Many of HP’s ZBook-branded laptops, Dell’s Precision laptops, and several of Lenovo’s ThinkPad models trade blows here in a variety of price brackets and configurations, depending on the kind of CPU, GPU, and display performance you need.
If you’re not interested in a mobile workstation, you can find similar performance and solid build quality for a lot less money by purchasing a high-quality consumer or gaming laptop like the Dell XPS 15/17, the Razer Blade 15 Advanced and Razer Blade 17, or the ASUS Zephyrus G14/G15 (just to name a few). You’ll get a lot more performance-bang-for-your-buck by going with a “consumer” or “creator” laptop vs a proper “mobile workstation,” just be aware of what you’re giving up.
Should You Buy It
Yes.
The caveats above apply, but other than a few minor gripes that I mention above, I cannot fault this laptop. For creatives, it’s a workhorse.

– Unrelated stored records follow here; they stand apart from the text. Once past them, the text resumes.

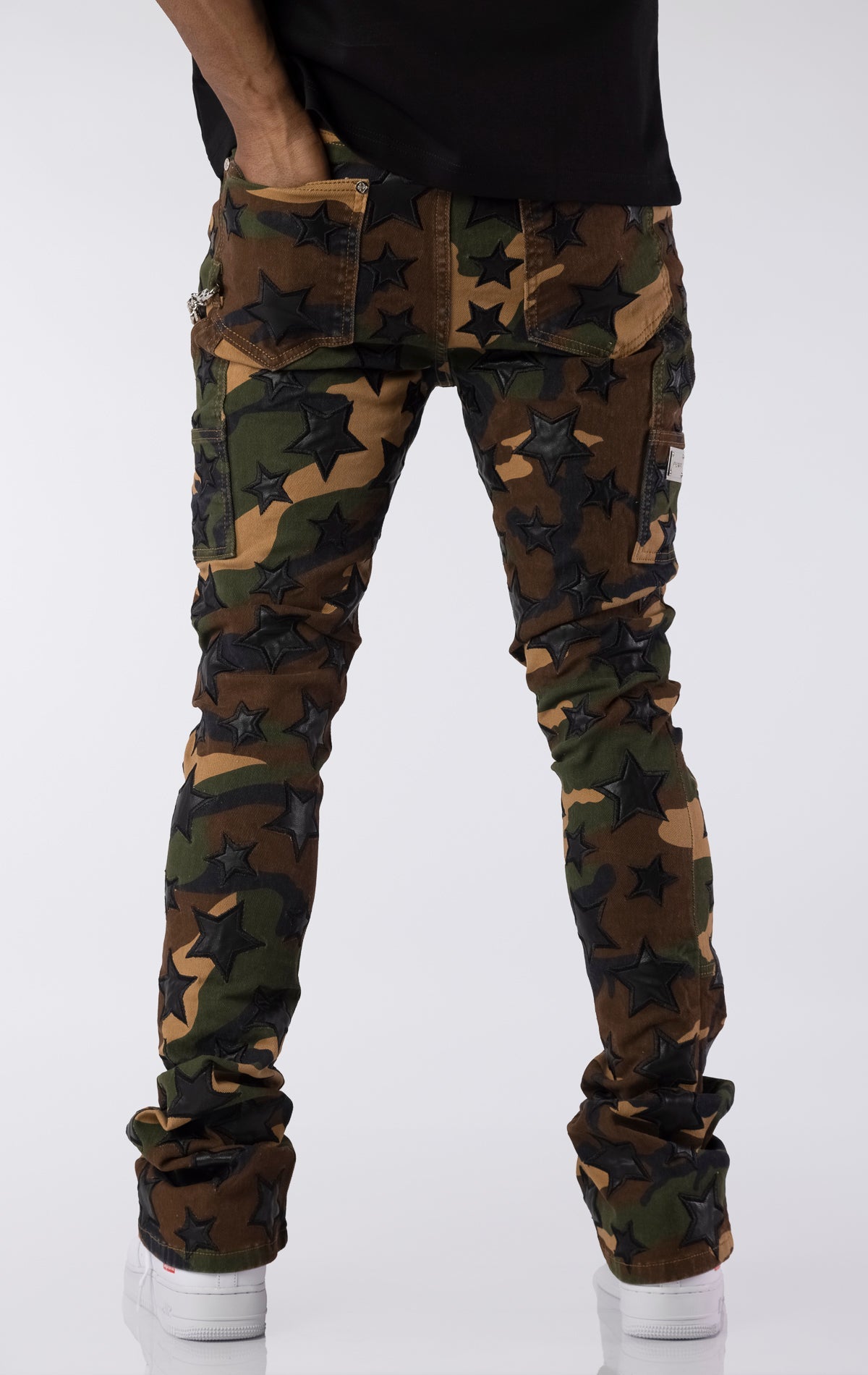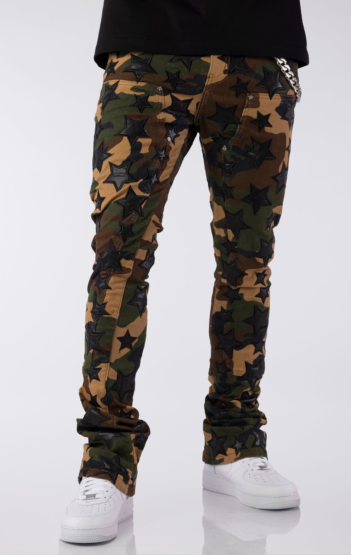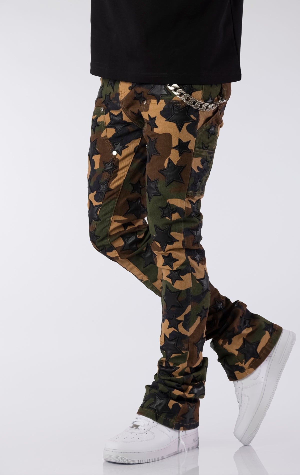 Make a bold fashion statement with these Camo Pockets Flared Denim. This pair fuses military-inspired details with a flattering, retro-inspired silhouette, perfect for those looking to stand out in both style and comfort. Featuring a stylish wide-leg flare, these jeans elongate the legs while adding a vintage vibe. The camouflage fabric on the front and back pockets gives an edgy, tactical twist, making these jeans as functional as they are fashionable.
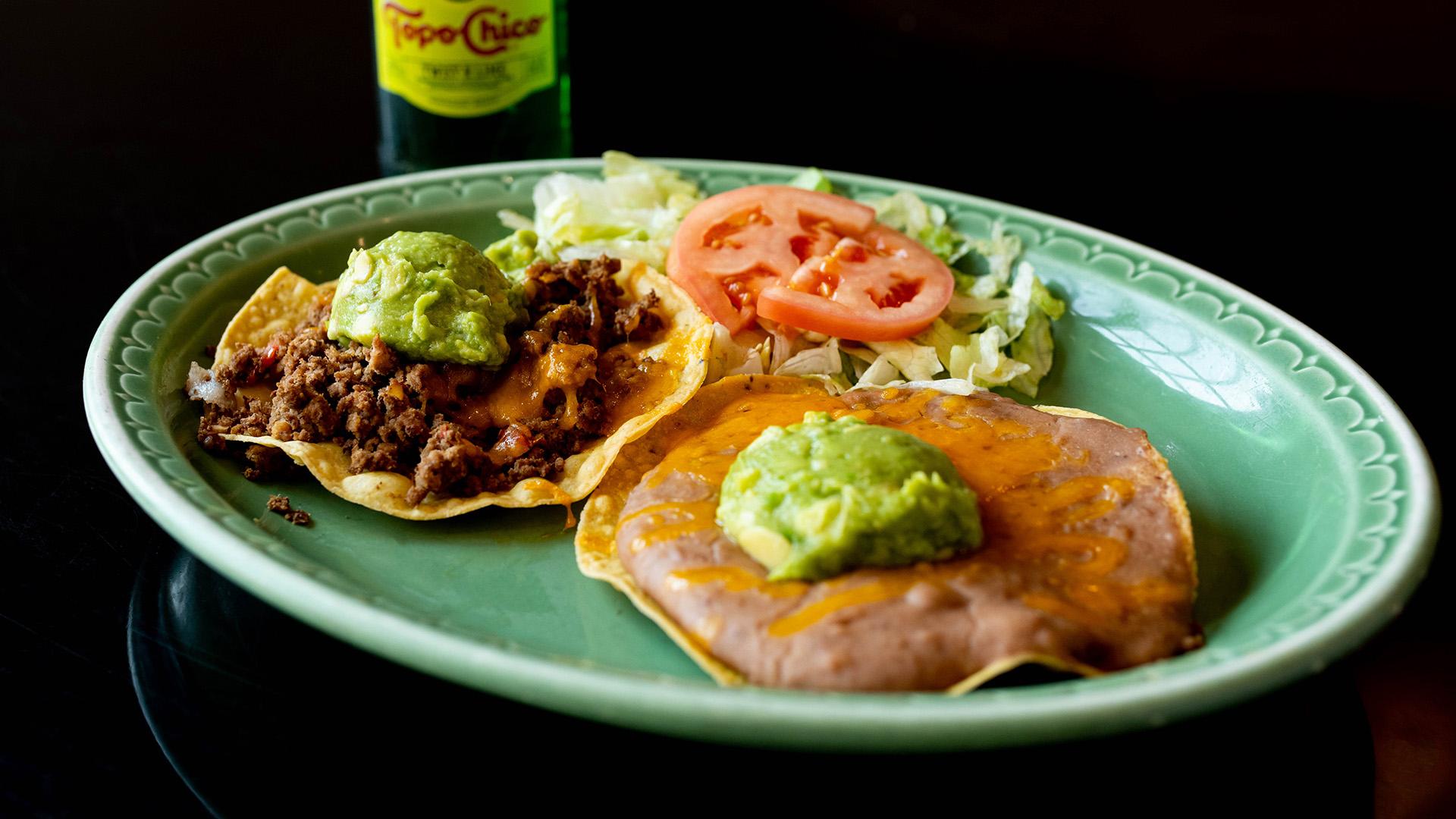 Two Chalupas, one Beef, one Bean, both topped with Cheese and Guacamole.
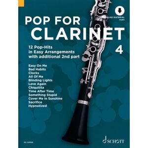 Schott Pop For Clarinet 4: 12 Pop-Hits arrangiert für 1 bis 2 Klarinetten, bearbeitet von Uwe Bye, mit Texten und Akkorden, leichter Schwierigkeitsgrad, ISBN 9783795726782, ISMN 9790001216081, ED 23593D, 23 x 30,5 cm, 32 Seiten, inkl. Download mit Demo-und Play-Along-Aufnahmen
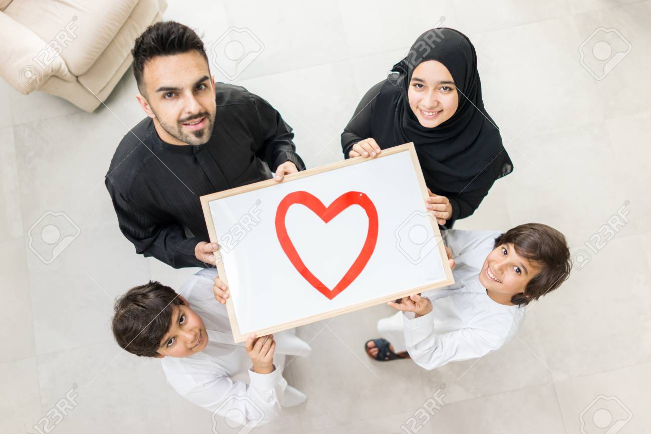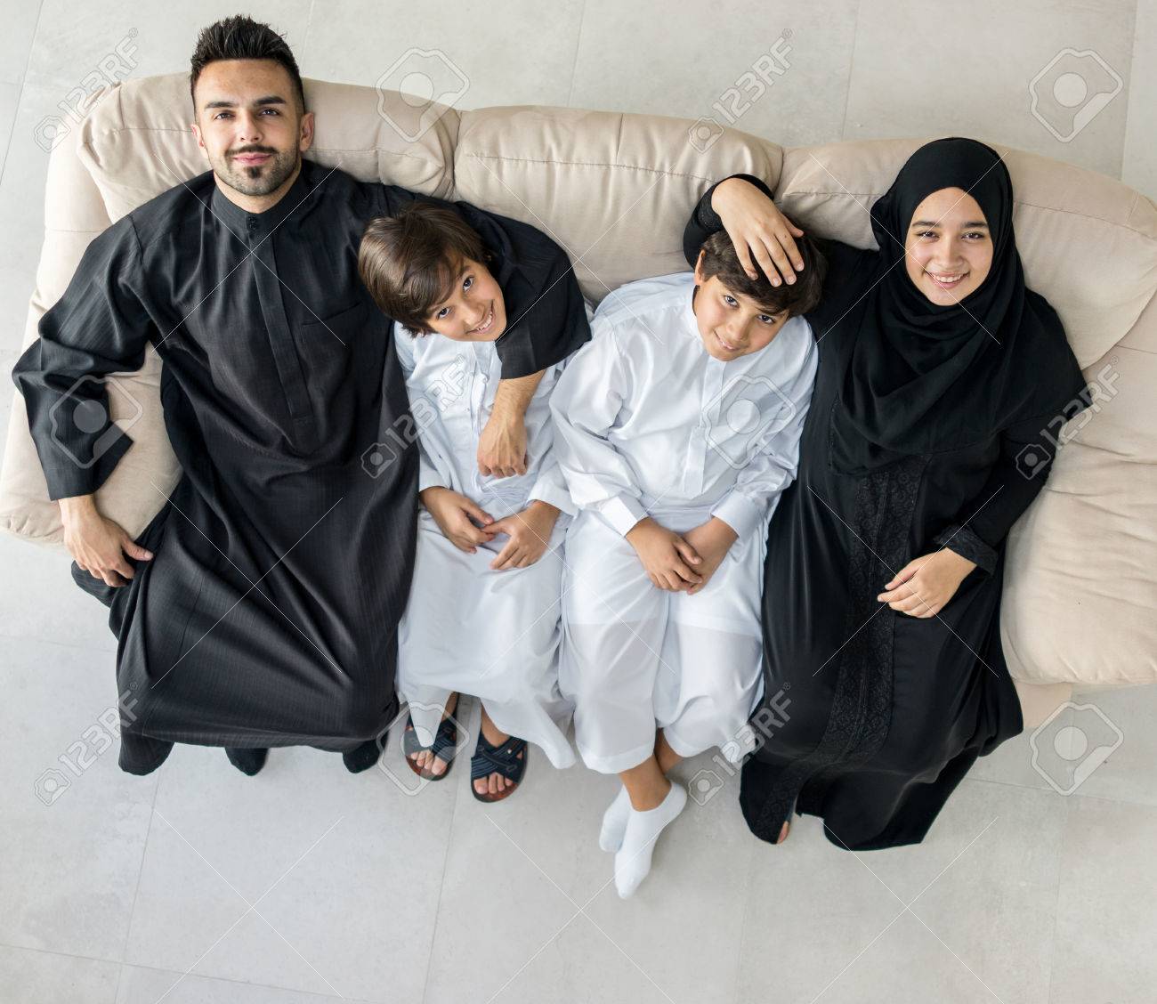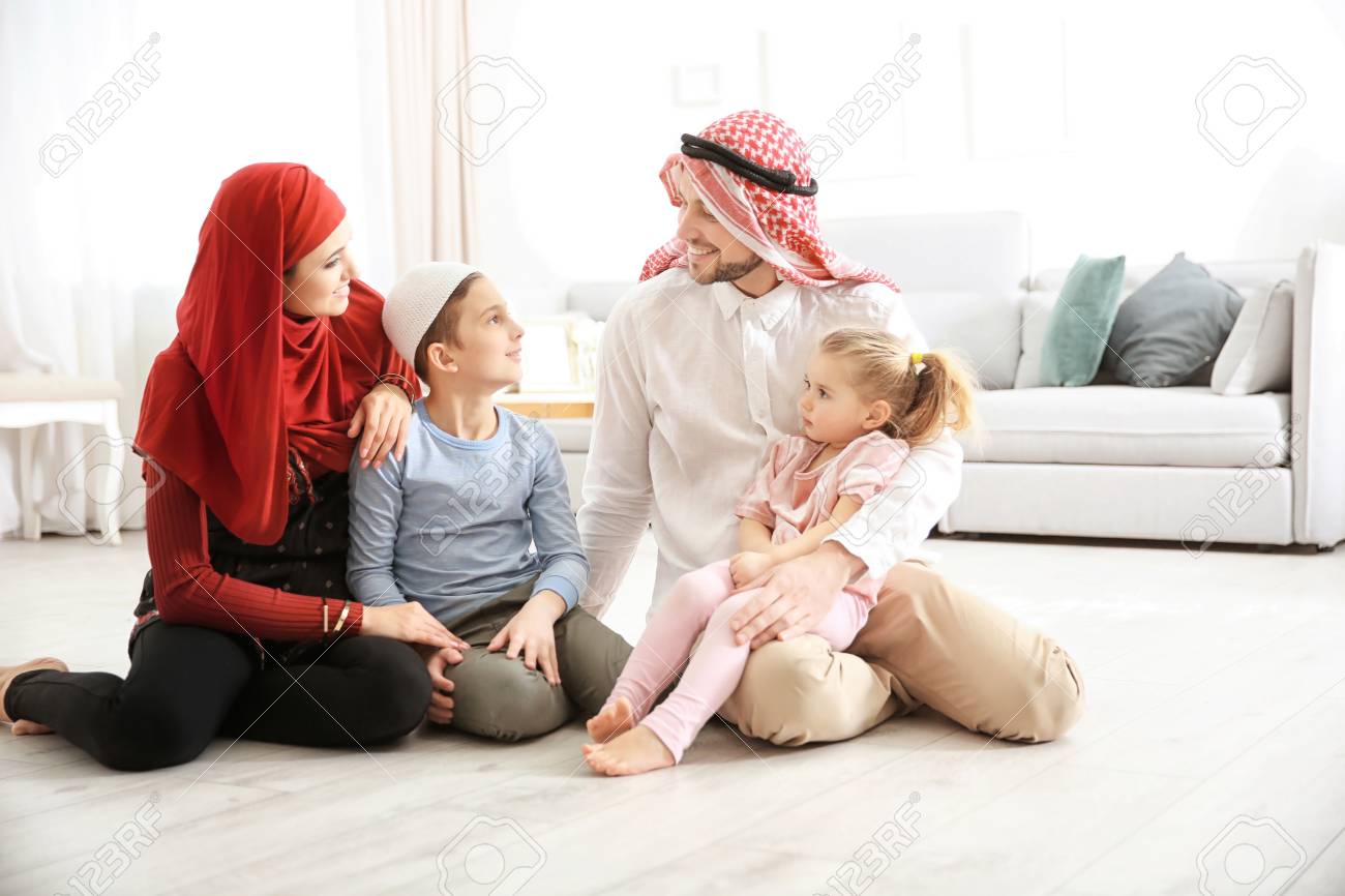 Heureuse Famille Musulmane À La Maison Banque D'Images et Photos Libres De Droits. Image 112783677
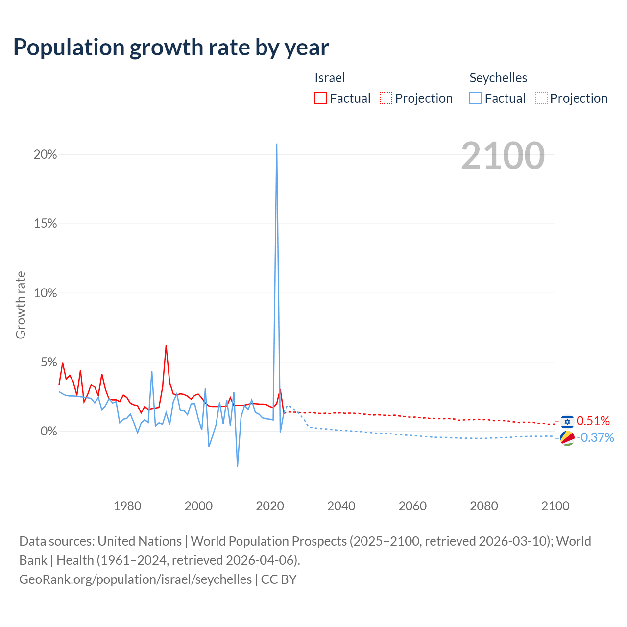- For the last 10 years, Israel has had an average growth rate of +1.96% per year vs +2.9% in the Seychelles.
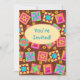 Mit dieser farbenfrohen, individuell anpassbaren Quilt-Einladung laden Sie ein Quilter oder Quilt-Liebhaber ein. Voll anpassen auf der Vorder- und Rückseite, um Ihre eigenen Worte, Namen und andere Informationen hinzuzufügen. Diese originelle Quiltkunst ist eine lebendige Einladung. Quilt Art basiert auf originalen Kunstwerken, mit bevorzugten Patchwork-Quiltblöcken und einzigartigen Blöcken in lebhaften und dynamischen Farben von Orange, Gelb, Rosa, Türkis und Kalkgrün auf einem schokoladenbraunen Hintergrund für eine schöne Farbpalette. Ein sonniges gelbes Oval steht auf der Vorderseite der Karte, um zu sagen "You're Invited" oder andere Worte Ihrer Wahl. Zeigen Sie Ihre Liebe, mit diesen Quilt-Art-Designs mit anderen Quilt-Art-Produkten zu quiltieren. Quilt art ist eine originelle Kunst aus Stoff und Quilt Designer Phyllis Dobbs und ist in einer Stoffsammlung von Quilting Treasures. Diese Kunst ist auf anderen Produkten und in verschiedenen Farben erhältlich. Mehr Produkte gibt es im Phyllis Business with Flair Store. Passend zu koordinierenden Briefmarke, Umschlägen, Aufklebern und Rücksendeadressen-Aufklebern.

The ZBook Studio G8 delivered a lot more “umph” than I expected from such a thin and light chassis while staying relatively quiet, it looks and feels great, and it offers a good variety of configuration options that help you dial in a ratio of price-to-performance that works for you.
It’s ultimately up to you to decide if the un-glamorous benefits of a mobile workstation are worth the inflated price tag. But if they are, then I have no qualms recommending this laptop.